▶ **What is needed**
Beginning at the line that mentions "This game provides", retype the rest of the records below exactly. Pictures are not part of the copy.

Recorded data
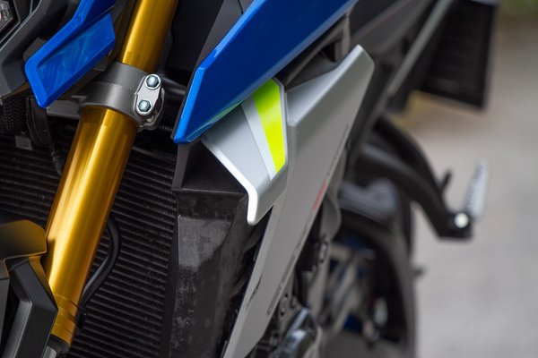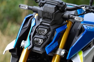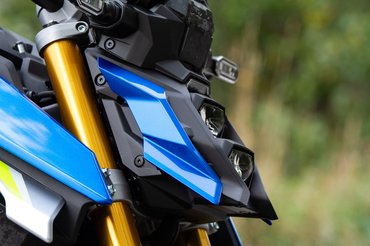 A megjelenésén nagyon látszik, hogy nem valami európai dizájnközpontban rajzolták, mint mondjuk a Honda CB1000R-t, nem is az össze-vissza futó élek zavaróak, vagy a rendkívül furcsa lámpa, hanem a teljesen indokolatlan felületek, mint például az újrahasznosított szénszálat idéző mintájú műanyag betétek - mármint ez csak az én tippem arra, hogy mire gondolt a művész, mert távolról csak simán úgy néz ki, mintha koszos lenne. A 2021-es trendeknek megfelelően erre is került már szárny, ami inkább csak utalásként működik, a funkcióját vitatnám - az ennél lényegesen nagyobb aerodinamikai elemek is leginkább 300 km/h körül hoznak érdemi leszorítóerőt, ennek fényében nemhogy naked-en, úgy általában semmilyen utcai motoron nincs hasznuk. Ezt bizonyítja, hogy a GSX-S-re raktak, a Hayabusára pedig nem.
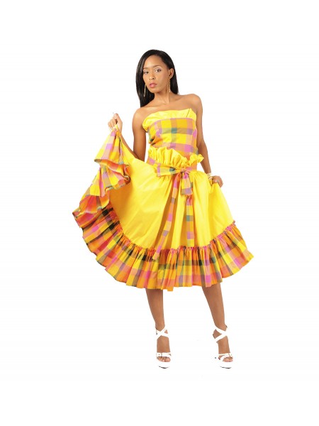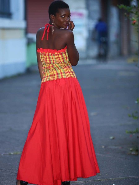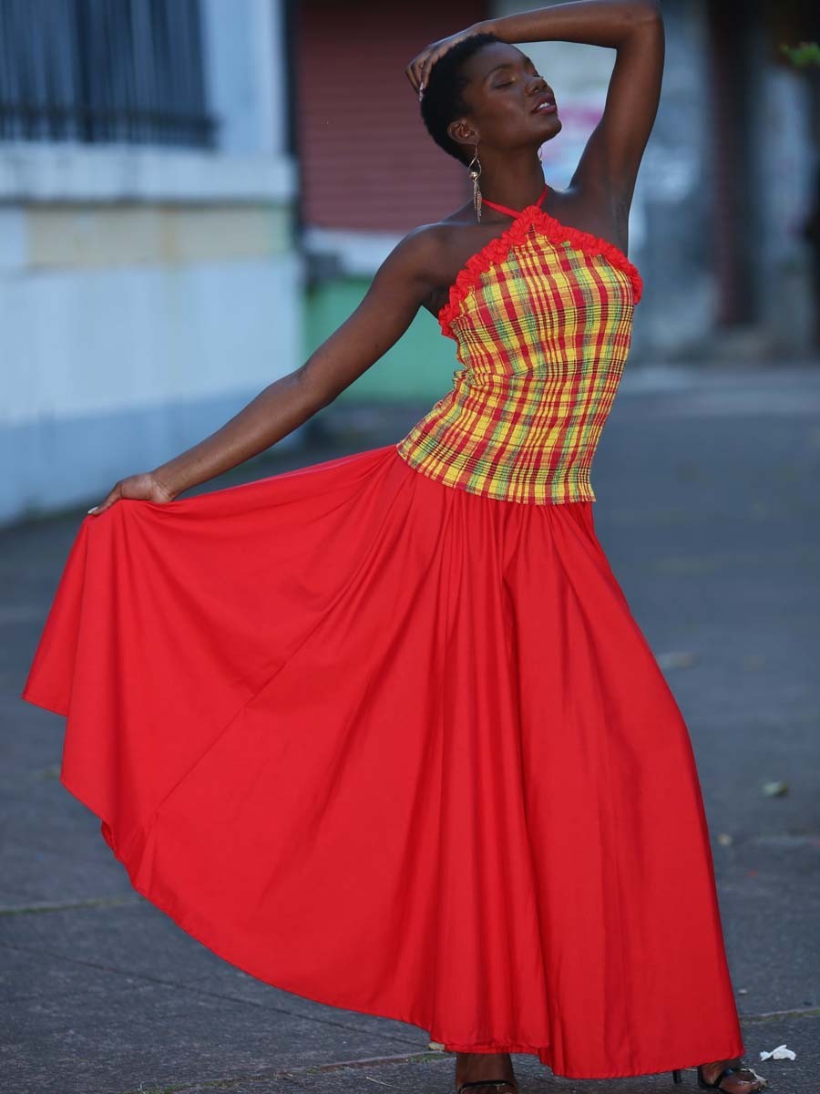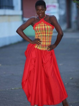 Célébrer les évènements d'été n'a besoin que d'une tenue légère, élégante et confortable tel l'ensemble Grenade. Cet magnifique ensemble entre deux madras et coton du style antillais est just ce qu'il vous faut pour attirer l'attention par son buste noué a la nuque laissant apparaitre les belles épaules nues. L'originalité de cette tenue réside dans sa jupe flotante et légère. L'ensemble Hibiscus peut facilement être jumelé avec des talons et des accessoires.
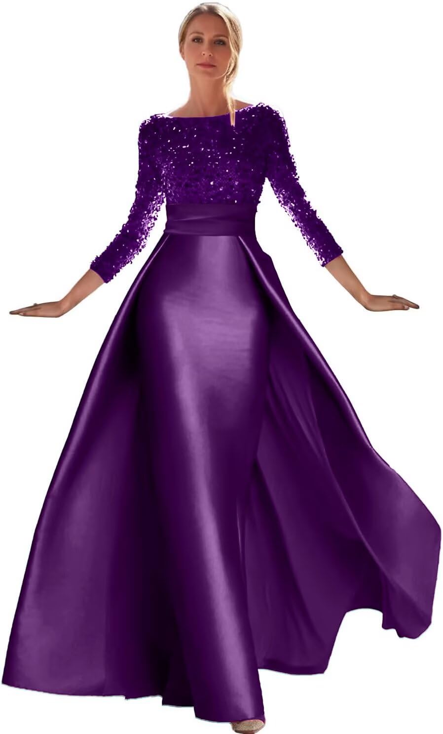 PUYIKET Long Sleeves Prom Dresses for Women 2026 Satin Sequin A Line Sparkly Formal Evening Gowns
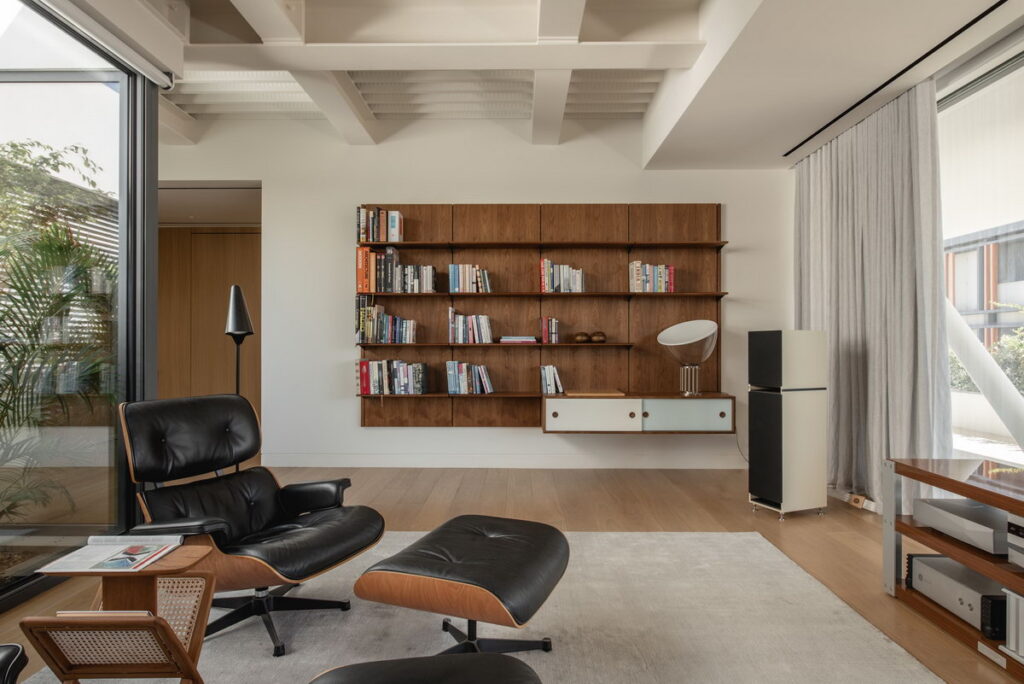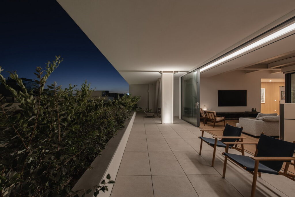 Η φύση δεν αποτελεί απλώς φόντο, αλλά βρίσκεται στον ίδιο τον πυρήνα της κατοικίας, φέρνοντας το εξωτερικό περιβάλλον στην καρδιά της καθημερινής ζωής. Το πράσινο επεκτείνεται και στις βεράντες που περιβάλλουν το κτίριο, οι οποίες αντιμετωπίστηκαν με την ίδια σχεδιαστική φροντίδα.
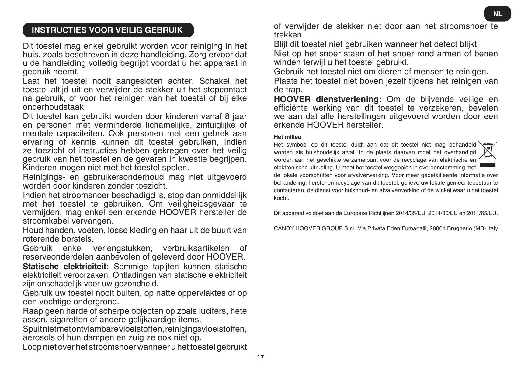 Service HOOVER : Pour assurer l’utilisation sûre et efficace de cet appareil, nous recommandons de n'en confier l'entretien ou les réparations qu’à un réparateur HOOVER agréé.
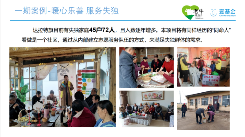 在內(nèi)蒙古民政廳指導(dǎo)下,老?;饡?huì)與壹基金聯(lián)合發(fā)起內(nèi)蒙古全區(qū)“社區(qū)賦能支持計(jì)劃”,通過(guò)“賦能培訓(xùn)”促進(jìn)社會(huì)組織能力提升、通過(guò)“資金支持”推動(dòng)社區(qū)慈善創(chuàng)新實(shí)踐,助力社區(qū)民生服務(wù)改善。2023年以來(lái),聯(lián)動(dòng)全區(qū)378家社會(huì)組織參與了賦能培訓(xùn),支持在“兒童保護(hù)、老人幫扶、社區(qū)安全、社區(qū)文化建設(shè)”等方面開(kāi)展慈善項(xiàng)目,與全區(qū)1075個(gè)社工站點(diǎn)聯(lián)合、服務(wù)3225個(gè)社區(qū),受益人超過(guò)142萬(wàn)人次。
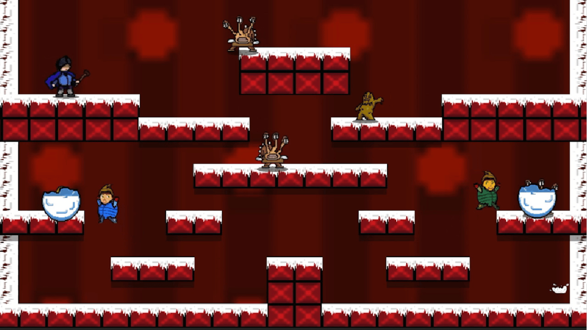 This game provides an easy-to-play and fluent experience to player/players through both "Single-Player" and "Local 2-Player" mods. In order to succeed in levels, you will need to get rid of unique enemies with your snowballs. Snow Madness brings fun and competitiveness together and makes you experience an old-school atari game sensation. Select the appropriate difficulty level and start to have fun!
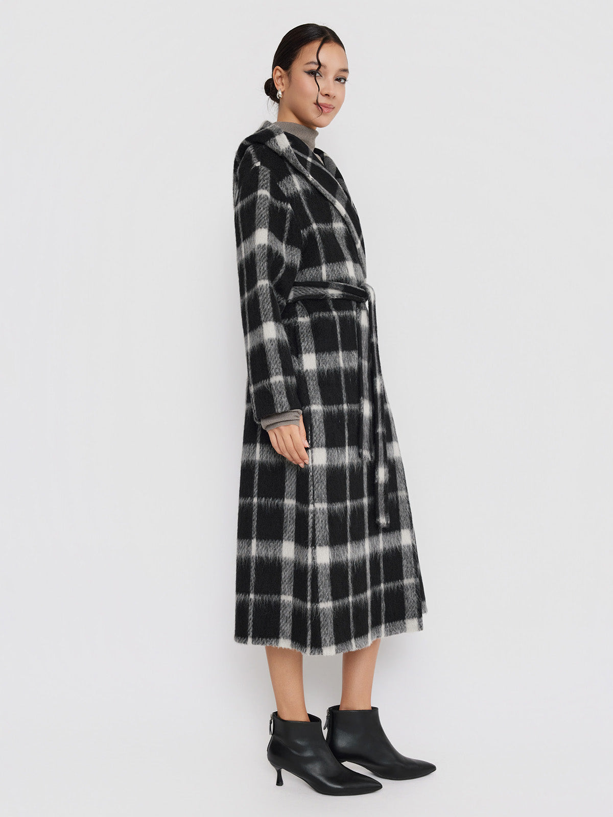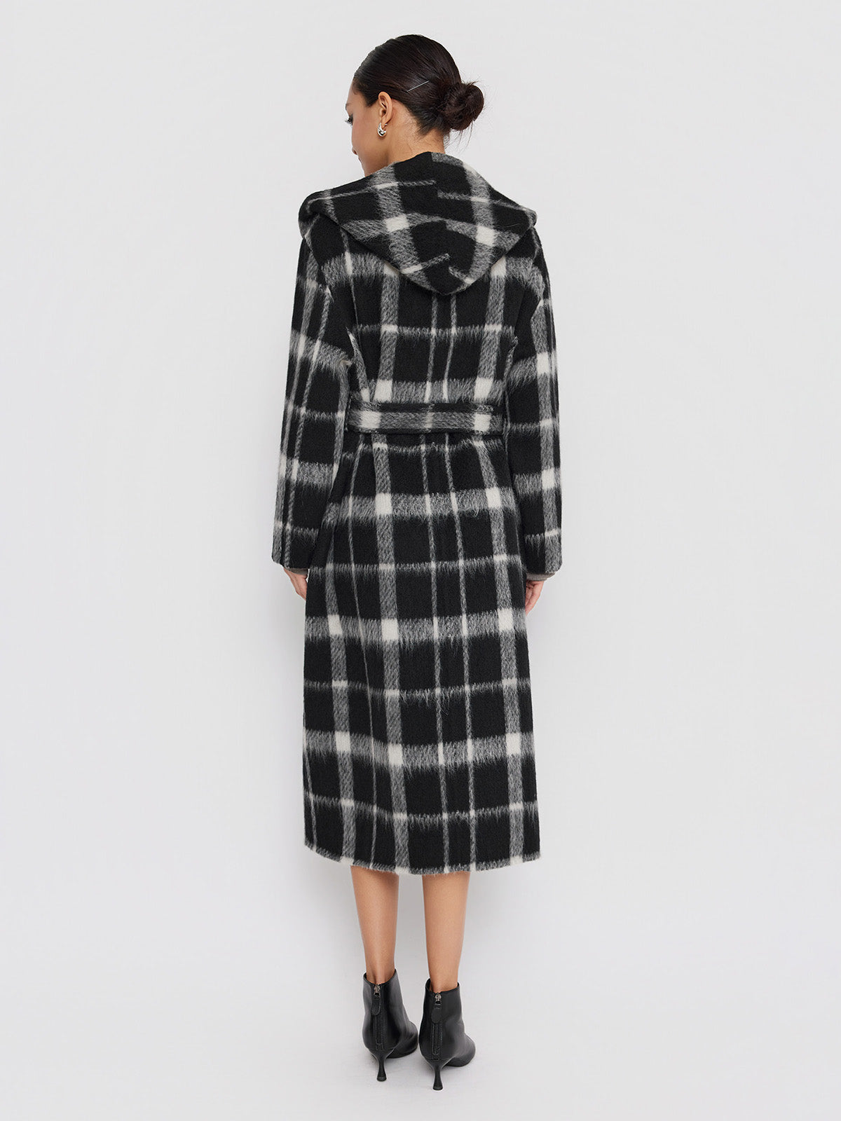 This hooded coat features a removable belt and side seam pockets for a streamlined look. Expertly crafted from a soft wool-alpaca blend with Tencel and polyester, it provides natural warmth, a plush feel, and durability with resistance to wrinkles and pilling. The classic black-and-white check adds a subtle vintage-inspired touch to the minimalist silhouette.

▶ **Solution to this task**
 This game provides an easy-to-play and fluent experience to player/players through both "Single-Player" and "Local 2-Player" mods. In order to succeed in levels, you will need to get rid of unique enemies with your snowballs. Snow Madness brings fun and competitiveness together and makes you experience an old-school atari game sensation. Select the appropriate difficulty level and start to have fun!
 This hooded coat features a removable belt and side seam pockets for a streamlined look. Expertly crafted from a soft wool-alpaca blend with Tencel and polyester, it provides natural warmth, a plush feel, and durability with resistance to wrinkles and pilling. The classic black-and-white check adds a subtle vintage-inspired touch to the minimalist silhouette.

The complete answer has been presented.